Neurophysiology Databases, Neural Networks, and Synaptic Plasticity
Neuroinformatics
One of the most exciting unsolved problems of biomedical science is how the cellular and network properties of individual neurons, and the information they convey, give rise to the complex behavior of the brain. This fundamental question is examined in the lab by synthesizing state-of-the-art neurobiology with informatics: the science of information underlying both brains and machines.
All our work is funded by the NIH, much of via the Human Brain Project, NIMH, and NINDS, with past support from these agencies and the NSF.
Our laboratory concentrates on a continuing multi-year initiative to develop networked databases of brain neurophysiology that will allow exploring two fundamental questions of neuroscience: neuronal identity and coding of neuronal signals. Our cortial neuron database includes somatosensory cortical neurons and characteristic neurophysiological data encapsulating these neurons' responses to specific stimuli.
The data--recordings from neurons in awake behaving brains--include metadata incorporating parameters used by neurophysiologists to describe recording methodology, stimulating paradigms, and electrophysiological responses. To make the database useful to brain neuroscientists, a suite of multiplatform tools supports acquisition, query, and visualization of single and multi-electrode spike train datasets. These tools allow integration of data characterizing responses of cortical neurons to complementary stimuli, synthesizing a unified understanding of brain information processing. With the resulting enhanced utilization of data, experiments can be coordinated among laboratories, conserving valuable and respected species.
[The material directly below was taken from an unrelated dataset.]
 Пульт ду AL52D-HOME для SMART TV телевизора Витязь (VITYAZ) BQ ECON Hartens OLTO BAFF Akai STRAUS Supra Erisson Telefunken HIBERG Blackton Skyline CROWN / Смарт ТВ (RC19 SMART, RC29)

All data structures and methods defined in this project are designed to be generalizable to many electrophysiological studies in cortical and subcortical structures of the brain.
Our methodology includes development of object-oriented database schemas for neuronal data, as well as the use of Java, permitting databases to be accessible via the Web to any member of the international neuroscience community using any contemporary computer system, including Macintosh, linux or other flavors of UNIX, or MSWindows.
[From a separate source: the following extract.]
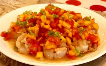 6。番茄丁红萝卜丁和芒果丁放一起加盐,少许白沙糖调味

A new collaborative thrust will develop, implement, and apply parallelized computational algorithms to explore the information content of spike trains and other neuronal signals, towards an understanding of the neural coding underlying visual and somatosensory processing. This project brings to bear local and external collaborators, with local resources (our databases and 26-processor Beowulf array), to explore informational aspects of neural coding and processing. Via both user-specified and project-developed algorithms, we will enable analyses to be performed either on-the-fly during dataset submission, or on archived data, permitting post-hoc examination as well as searches for specific patterns of brain activity. A major goal is development of the new field of computational neuroinformatics.
The project coordinates the efforts of brain researchers, computer scientists, and mathematicians at Cornell and beyond. Our many collaborators aid development and testing of access and query methods and viewer tools and provide complementary physiological data from several techniques and preparations.
Neurophysiology
Believing strongly that informational, computational, or theoretical biology should never be divorced from experimental work, this thrust also continues my laboratory's long-standing interest in neural networks, their neuronal and synaptic components, and their emergent properties. Using techniques I developed and introduced for simultaneous voltage-clamping of multiple interconnected neurons, we will analyze the information carrying and processing capabilities of parallel channels formed by paired Aplysia neurons. These form a testbed, bridging the gap between the single neurons characteristic of invertebrates and the massively parallel columns and modules found in mammalian brains. Related experiments may test aspects of the fire-together, wire-together hypothesis. This work descends as well from studies of interneuronal organization begun 35 years ago in the laboratory of Eric R. Kandel.